• Data under study:
-=-=-

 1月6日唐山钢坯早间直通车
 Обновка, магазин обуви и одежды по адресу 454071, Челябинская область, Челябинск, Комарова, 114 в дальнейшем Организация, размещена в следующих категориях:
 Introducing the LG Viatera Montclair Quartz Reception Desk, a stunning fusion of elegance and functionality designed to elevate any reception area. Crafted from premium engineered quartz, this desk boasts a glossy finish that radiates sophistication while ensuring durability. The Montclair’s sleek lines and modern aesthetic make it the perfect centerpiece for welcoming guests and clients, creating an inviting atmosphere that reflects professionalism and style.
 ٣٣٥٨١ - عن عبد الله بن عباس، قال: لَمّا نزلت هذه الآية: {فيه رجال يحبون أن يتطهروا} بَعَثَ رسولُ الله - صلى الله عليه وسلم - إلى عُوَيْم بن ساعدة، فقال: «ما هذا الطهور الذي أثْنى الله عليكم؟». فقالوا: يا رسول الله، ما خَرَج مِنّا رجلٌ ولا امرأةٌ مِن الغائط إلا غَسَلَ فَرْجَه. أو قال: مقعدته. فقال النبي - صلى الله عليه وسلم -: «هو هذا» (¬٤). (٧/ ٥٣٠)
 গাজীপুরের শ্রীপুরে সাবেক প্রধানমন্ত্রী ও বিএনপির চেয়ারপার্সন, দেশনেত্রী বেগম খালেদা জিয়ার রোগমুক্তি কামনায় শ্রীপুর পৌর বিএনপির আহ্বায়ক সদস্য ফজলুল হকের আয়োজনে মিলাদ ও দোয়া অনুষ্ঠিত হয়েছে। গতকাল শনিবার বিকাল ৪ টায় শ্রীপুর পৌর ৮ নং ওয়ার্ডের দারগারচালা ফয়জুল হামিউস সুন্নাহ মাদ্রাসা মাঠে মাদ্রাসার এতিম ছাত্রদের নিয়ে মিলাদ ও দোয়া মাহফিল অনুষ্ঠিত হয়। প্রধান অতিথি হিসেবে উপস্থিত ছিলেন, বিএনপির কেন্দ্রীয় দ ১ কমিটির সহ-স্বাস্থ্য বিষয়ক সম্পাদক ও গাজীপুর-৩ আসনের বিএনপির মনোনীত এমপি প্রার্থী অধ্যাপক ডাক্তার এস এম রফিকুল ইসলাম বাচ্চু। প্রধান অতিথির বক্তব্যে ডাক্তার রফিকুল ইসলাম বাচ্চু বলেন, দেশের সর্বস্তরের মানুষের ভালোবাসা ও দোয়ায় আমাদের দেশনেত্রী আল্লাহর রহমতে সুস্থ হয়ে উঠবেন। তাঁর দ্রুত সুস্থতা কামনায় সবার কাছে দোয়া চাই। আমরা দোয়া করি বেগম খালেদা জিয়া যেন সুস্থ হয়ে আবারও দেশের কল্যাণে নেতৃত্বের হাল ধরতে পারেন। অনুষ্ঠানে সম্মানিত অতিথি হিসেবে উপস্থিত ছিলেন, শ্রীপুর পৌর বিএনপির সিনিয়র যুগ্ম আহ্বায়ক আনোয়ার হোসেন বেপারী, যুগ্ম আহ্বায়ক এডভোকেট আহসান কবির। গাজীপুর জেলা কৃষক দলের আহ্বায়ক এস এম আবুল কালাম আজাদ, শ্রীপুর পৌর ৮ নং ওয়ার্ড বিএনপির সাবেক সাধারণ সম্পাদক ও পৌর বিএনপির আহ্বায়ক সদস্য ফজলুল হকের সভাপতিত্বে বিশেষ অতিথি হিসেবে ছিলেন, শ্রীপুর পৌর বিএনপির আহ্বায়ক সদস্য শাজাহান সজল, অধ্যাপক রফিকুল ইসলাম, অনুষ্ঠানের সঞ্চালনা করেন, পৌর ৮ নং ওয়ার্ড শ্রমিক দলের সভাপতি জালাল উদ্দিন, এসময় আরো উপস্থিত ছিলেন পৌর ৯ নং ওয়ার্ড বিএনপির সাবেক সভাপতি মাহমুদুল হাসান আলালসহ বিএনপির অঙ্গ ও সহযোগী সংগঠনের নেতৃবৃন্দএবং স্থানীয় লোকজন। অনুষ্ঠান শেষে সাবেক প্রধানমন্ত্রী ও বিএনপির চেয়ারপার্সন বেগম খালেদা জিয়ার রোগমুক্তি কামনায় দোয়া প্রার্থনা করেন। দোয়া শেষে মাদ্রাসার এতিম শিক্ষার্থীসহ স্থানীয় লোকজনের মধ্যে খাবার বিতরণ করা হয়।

-=-=-

Starting from the first line of the records above, retype each line exactly up to and including the one that contains "Introducing the LG", and nothing more.

• Written response:
 1月6日唐山钢坯早间直通车
 Обновка, магазин обуви и одежды по адресу 454071, Челябинская область, Челябинск, Комарова, 114 в дальнейшем Организация, размещена в следующих категориях:
 Introducing the LG Viatera Montclair Quartz Reception Desk, a stunning fusion of elegance and functionality designed to elevate any reception area. Crafted from premium engineered quartz, this desk boasts a glossy finish that radiates sophistication while ensuring durability. The Montclair’s sleek lines and modern aesthetic make it the perfect centerpiece for welcoming guests and clients, creating an inviting atmosphere that reflects professionalism and style.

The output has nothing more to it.